If you choose not to build the task application yourself, the executable jar is published to the Spring Maven repository and to the springcloud/ingest Docker repository.

The pipeline is built by using the following pre-packaged Spring Cloud Stream applications:

sftp-dataflow-source is an SFTP source configured to emit a Task Launch Request whenever it detects a new file in one or more polled SFTP directories.
dataflow-task-launcher-sink is a sink that acts as a REST client to the Data Flow server to launch a Data Flow task.

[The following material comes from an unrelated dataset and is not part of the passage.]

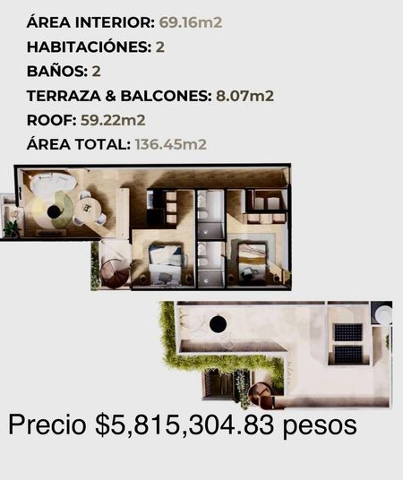 Departamentos desde $3'940,717.74 hasta $5'815,304.83 y de 61.86m2 y hasta 136.45m2. Son 15 departamentos distribuidos en 4 niveles. Constan de 2 recámaras, 2 baños completos, 1 lugar de estacionamientos, muy iluminados y con ventilación natural, tienen balcón y terraza privada, roof garden privado, Co Working, elevador, vigilancia 24/7. Listos para estrenar.

This pipeline runs on all supported Data Flow platforms. The SFTP source downloads each file from the SFTP server to a local directory before sending the task launch request. The request sets localFilePath as a command line argument for the task. When running on a cloud platform, we need to mount a shared directory available to the SFTP source container and the task container. For this example, we set up an NFS mounted directory. Configuring the environment and containers for NFS is platform-specific and is described here for Cloud Foundry v2.3+ and minikube.

Prerequisites

This section covers the set up and configuration steps you need to do before starting the batch application.

Data Flow Installation

Make sure you have installed Spring Cloud Data Flow to the platform of your choice:

NOTE: For Kubernetes, the sample task application is configured to use MySQL. The Data Flow server must also be configured for MySQL.

Using Data Flow

This example assumes that you know how to use Spring Cloud Data Flow to register and deploy applications by using the Spring Cloud Data Flow dashboard or the Spring Cloud Data Flow shell. If you need further instructions on using Data Flow see Stream Processing by Using Spring Cloud Data Flow and Register and Launch a Batch Application by Using Spring Cloud Data Flow.

SFTP server

This example requires access to an SFTP server. For running on a local machine and minikube, we use the host machine as the SFTP server. For Cloud Foundry, and Kubernetes in general, an external SFTP server is required. On the SFTP server, create a /remote-files directory. This is where we drop files to trigger the pipeline.

NFS configuration

NFS is not required when running locally.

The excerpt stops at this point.